On ne peut défendre les droits démocratiques et sociaux que sur la base d’une rupture avec toutes ces organisations. Les grèves et les manifestations, bien qu’importantes, ne suffisent pas. La lutte contre la dictature et l’austérité nécessite une perspective socialiste et la construction d’un nouveau parti. Les élites dirigeantes ne peuvent être changées par la pression de la rue. Elles ont bien trop à perdre. Elles sont déterminées à défendre leurs privilèges et leur richesse dans un système capitaliste qui a plongé le monde dans la crise.
La crise de la dette européenne n’est pas due à un manque d’argent. Selon Handelsblatt, des individus grecs riches ont mis de côté 560 milliards d’euros dans des comptes à l’étranger, ceci représente presque deux fois le montant total de la dette nationale grecque. Et selon les estimations de la banque d’investissement américaine Merrill Lynch, en 2007 rien moins que trois millions de millionnaires résidaient en Europe, avec des avoirs s’élevant à 7,5 millions de millions d’euros.
Ce gigantesque capital cherche de nouvelles sources d’intérêts et de profits. Pour reprendre la phrase de Karl Marx, « Le capital est du travail mort, qui, tel un vampire, ne s’anime qu’en suçant du travail vivant. » Les marchés financiers exigent leur tribut quotidien. Des quantités croissantes de plus-value produite par les travailleurs vont vers les banques, les fonds spéculatifs (hedge funds) et autres institutions financières qui elles ne produisent rien qui ait de la valeur.
C’est là précisément que se trouve l’importance de la crise de la dette. Elle sert de mécanisme pour intensifier l’exploitation de la classe ouvrière, décimer les dépenses sociales du gouvernement, réduire brutalement les salaires et rétablir le type d’exploitation qui prévalait dans les étapes initiales du capitalisme.
Une résolution progressiste de la crise n’est possible que sur la base d’une transformation des relations de propriété existantes. Les banques, les grandes entreprises et les immenses fortunes privées doivent être expropriées, soumises au contrôle démocratique et consacrées à servir la société dans son ensemble. Les besoins sociaux doivent prendre le dessus sur la course au profit.
De telles mesures nécessitent un mouvement révolutionnaire de la classe ouvrière. Elles seront confrontées à la résistance farouche de tous les partis établis qui sont intimement liés aux intérêts des marchés financiers et du patronat. Parmi ceux qui soutiennent les partis bourgeois on trouvera les syndicats et leurs alliés de pseudo-gauche.

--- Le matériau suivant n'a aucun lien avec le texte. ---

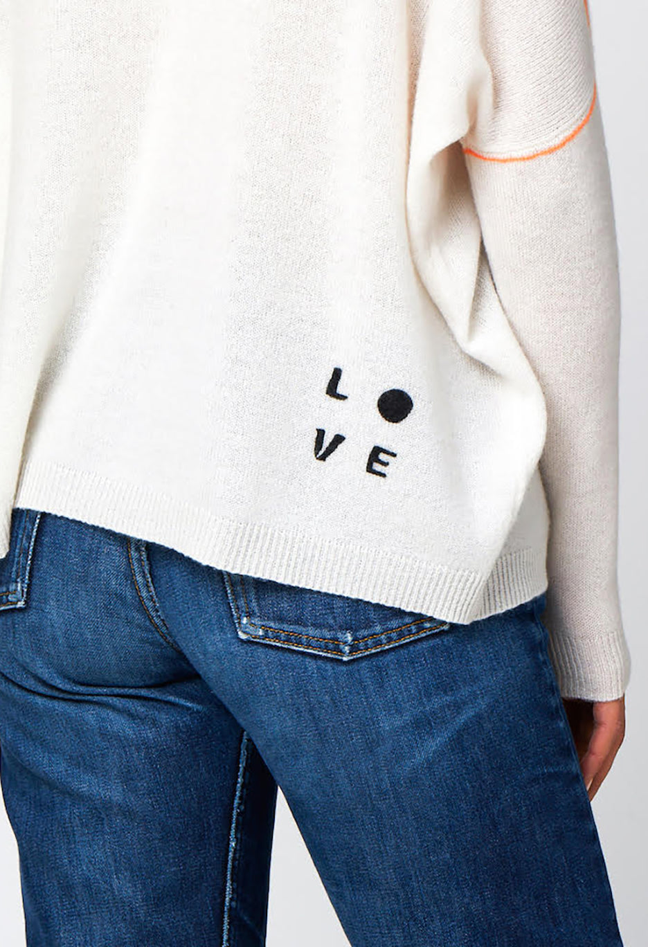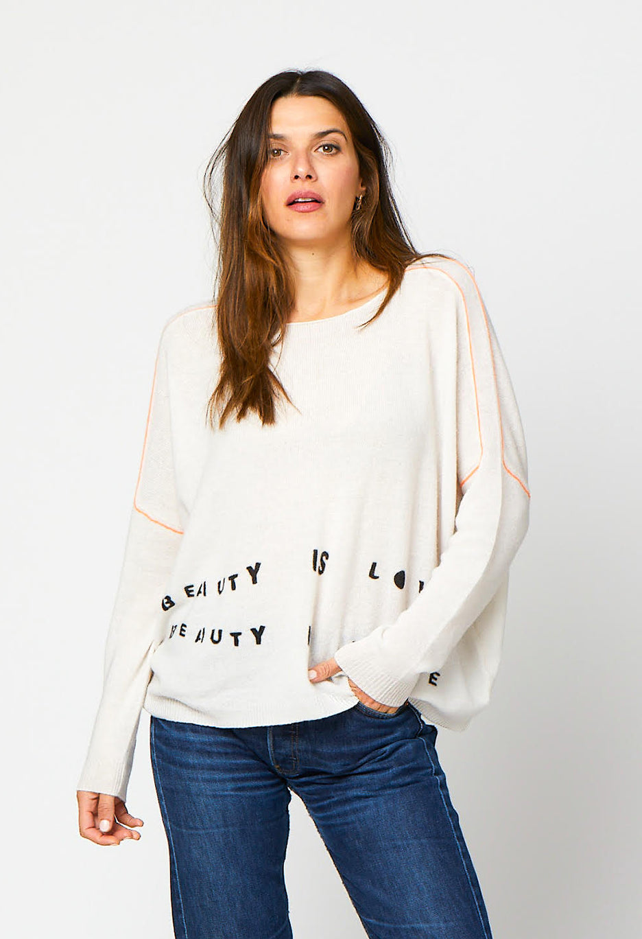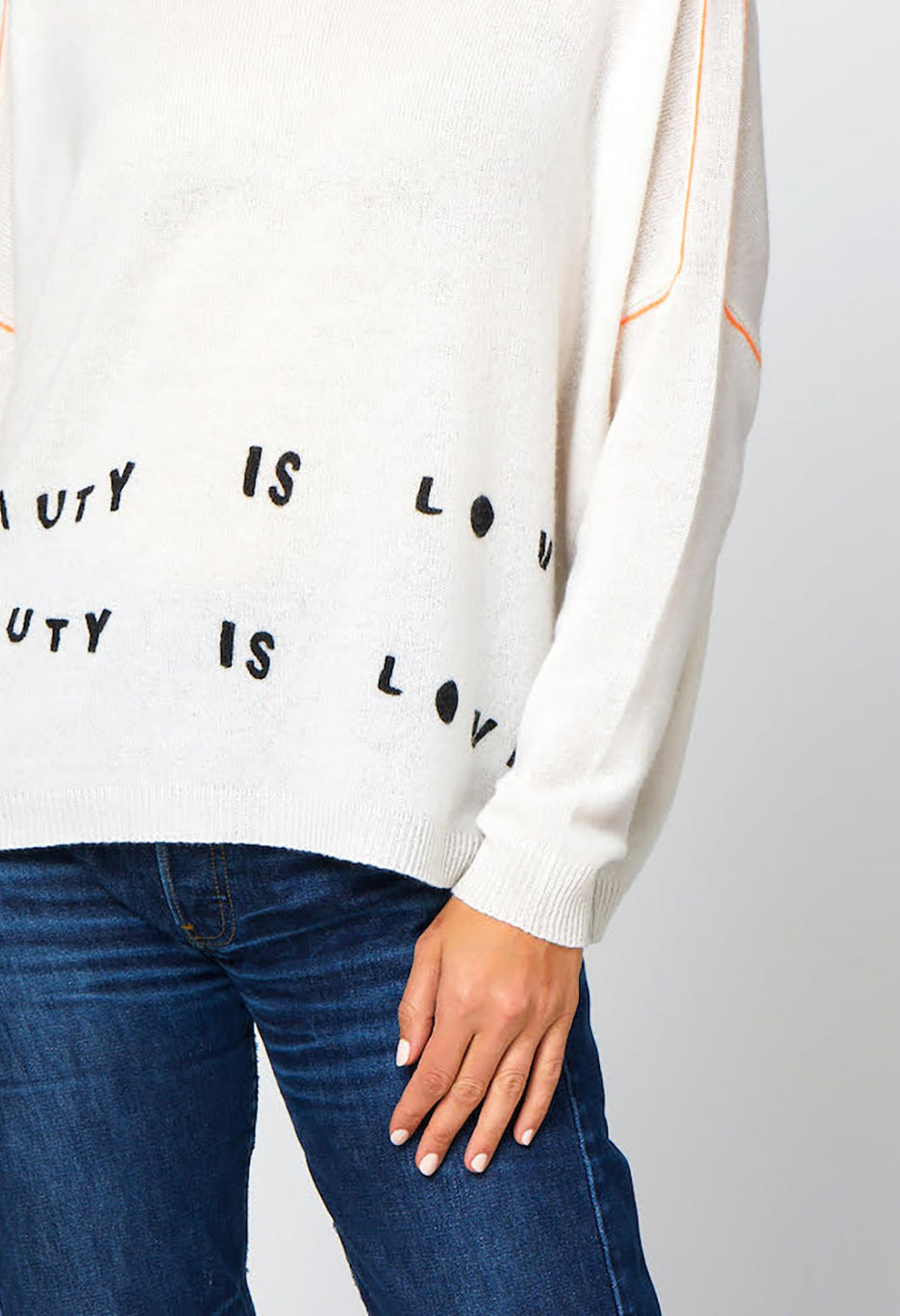 Introducing the luxurious Camille Beauty Is Love Sweater. Made from soft cashmere, this long sleeve sweater features a beautiful word art design by Kerri, adding a touch of sophistication and artistry to your wardrobe. Embrace the essence of love and beauty with this exclusive piece.

On ne peut mettre en place une perspective socialiste sur le continent européen, étroitement uni du point de vue économique et social, que par la coopération internationale étroite de la classe ouvrière. L’objectif doit être de bâtir les États socialistes unis d’Europe. L’alternative est, comme dans les années 1930, la balkanisation du continent et une descente vers la dictature et la guerre.